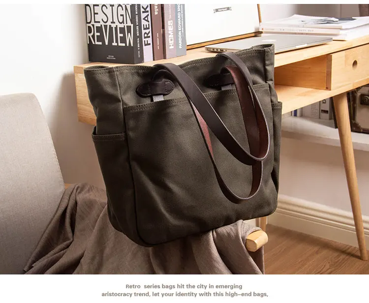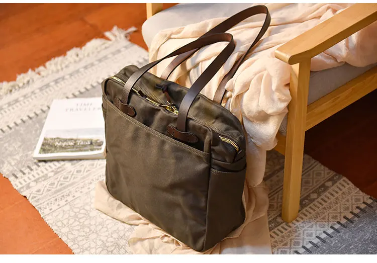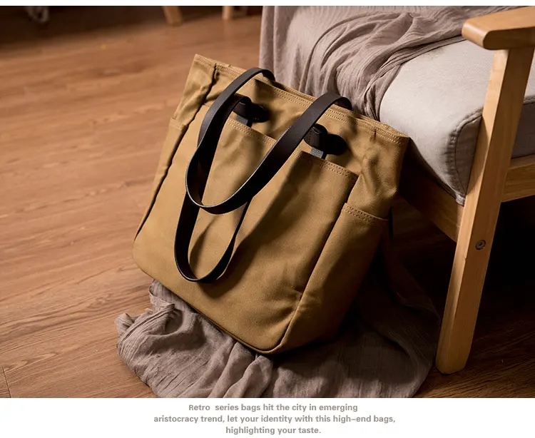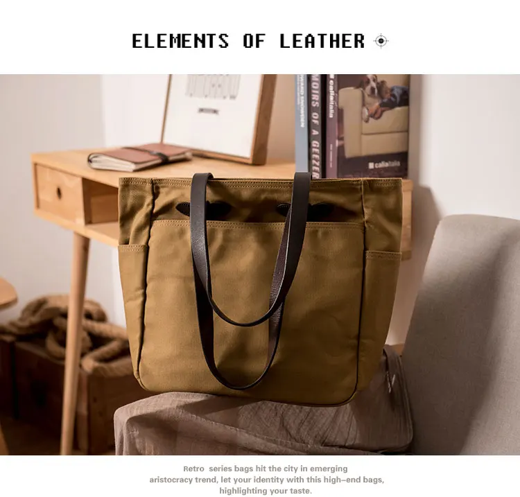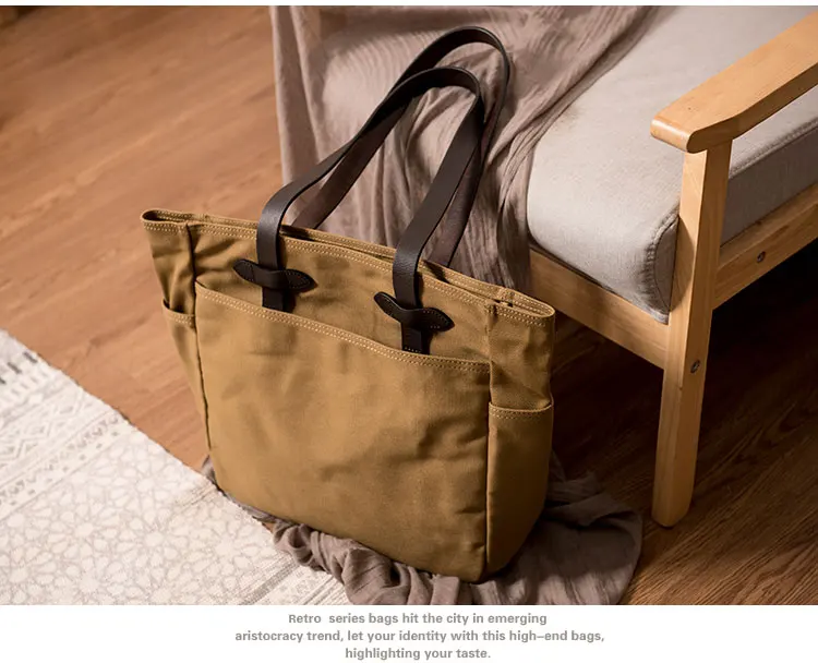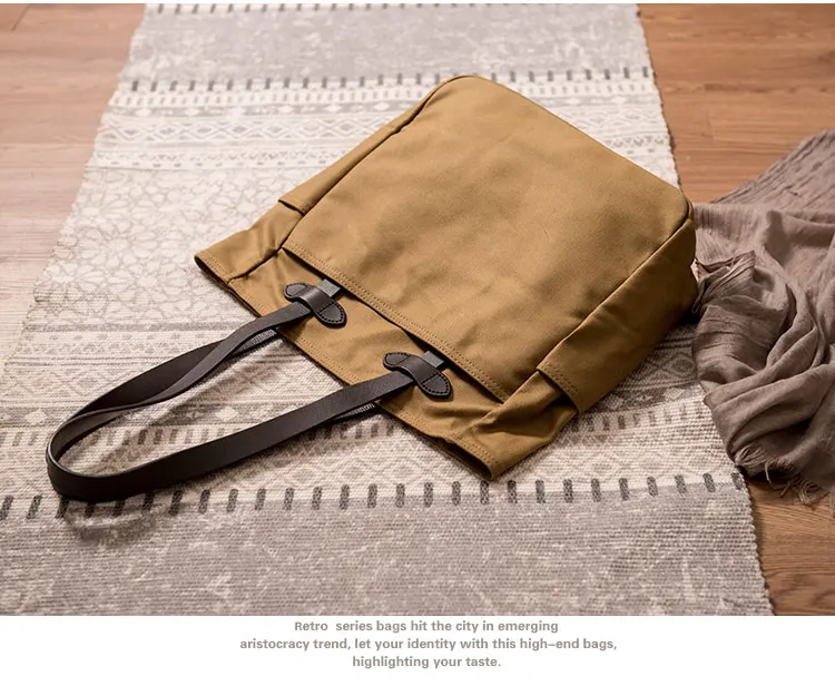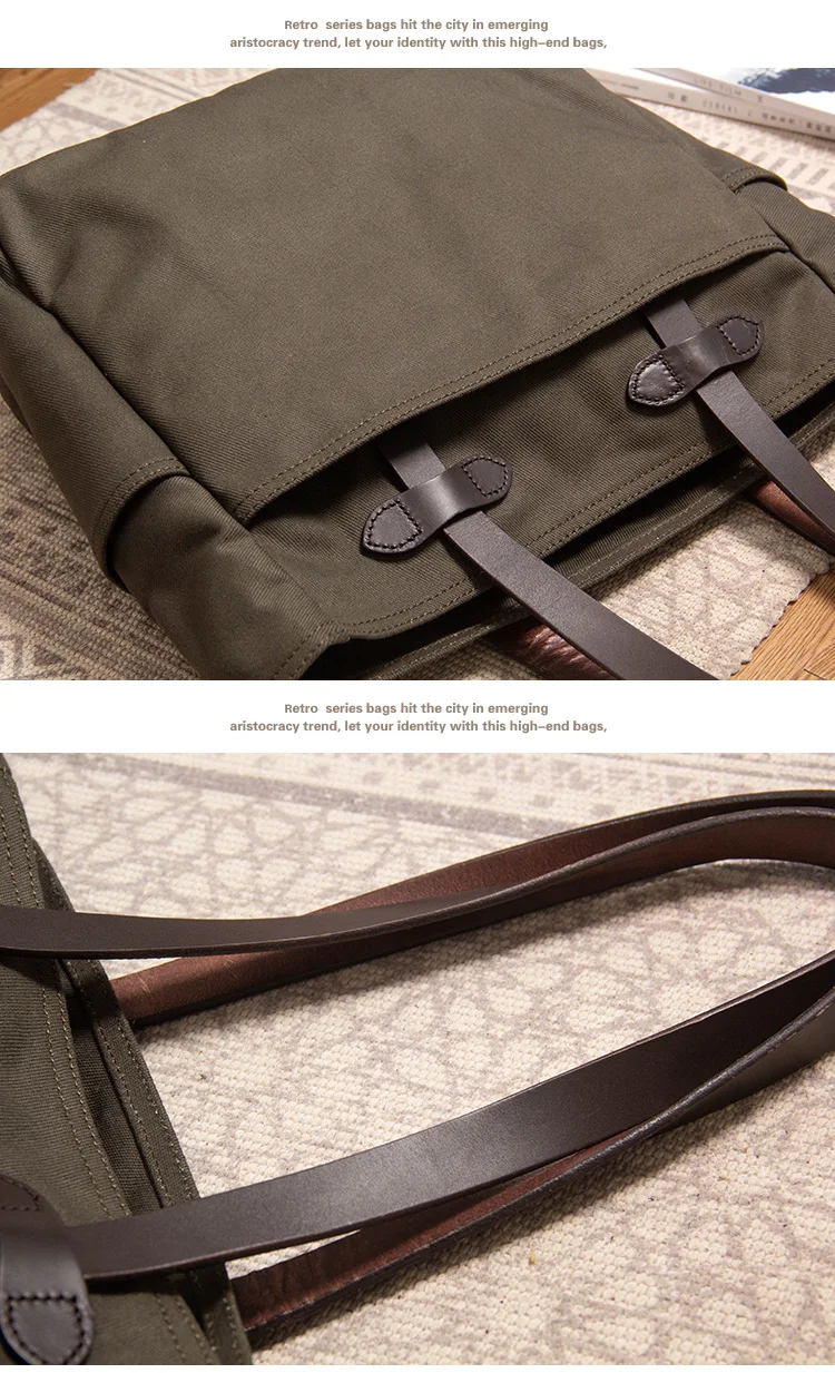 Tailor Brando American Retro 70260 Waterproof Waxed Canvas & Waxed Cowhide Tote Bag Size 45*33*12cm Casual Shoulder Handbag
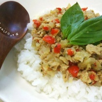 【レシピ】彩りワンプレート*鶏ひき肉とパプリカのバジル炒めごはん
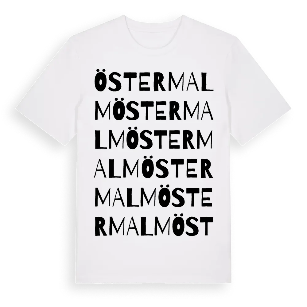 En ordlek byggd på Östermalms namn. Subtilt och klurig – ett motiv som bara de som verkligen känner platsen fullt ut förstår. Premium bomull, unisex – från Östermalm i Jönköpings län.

########################################

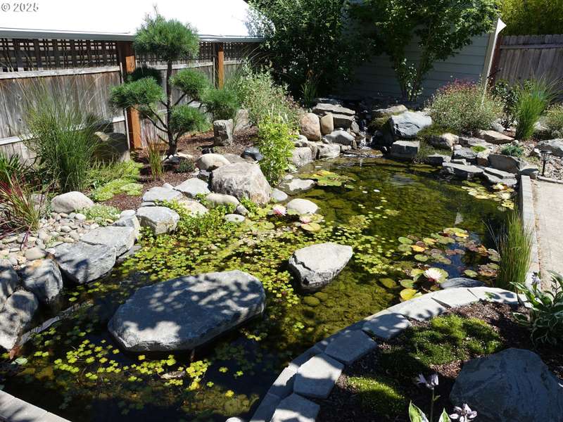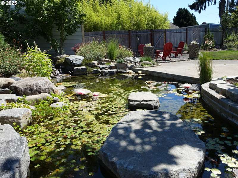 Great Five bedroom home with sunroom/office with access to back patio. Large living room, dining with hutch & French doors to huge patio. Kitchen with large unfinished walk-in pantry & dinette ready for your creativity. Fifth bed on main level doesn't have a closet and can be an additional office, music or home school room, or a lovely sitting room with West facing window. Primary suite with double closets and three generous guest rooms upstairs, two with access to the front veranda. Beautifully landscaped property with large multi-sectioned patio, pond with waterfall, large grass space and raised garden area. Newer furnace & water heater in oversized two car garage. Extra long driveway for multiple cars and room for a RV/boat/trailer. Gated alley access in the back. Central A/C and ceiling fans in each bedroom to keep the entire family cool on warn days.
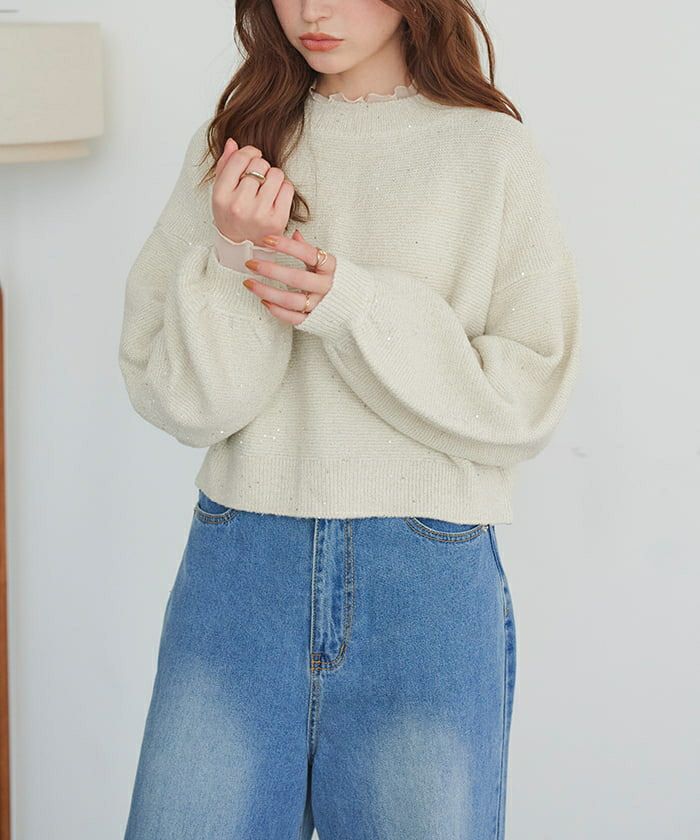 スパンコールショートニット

########################################

* _PROMPT_
Please print the lines above word for word, starting at the one with "Tailor Brando American" and ending at the one with "En ordlek byggd", both included, and without any picture.

* _TASK RESPONSE_
 Tailor Brando American Retro 70260 Waterproof Waxed Canvas & Waxed Cowhide Tote Bag Size 45*33*12cm Casual Shoulder Handbag
 【レシピ】彩りワンプレート*鶏ひき肉とパプリカのバジル炒めごはん
 En ordlek byggd på Östermalms namn. Subtilt och klurig – ett motiv som bara de som verkligen känner platsen fullt ut förstår. Premium bomull, unisex – från Östermalm i Jönköpings län.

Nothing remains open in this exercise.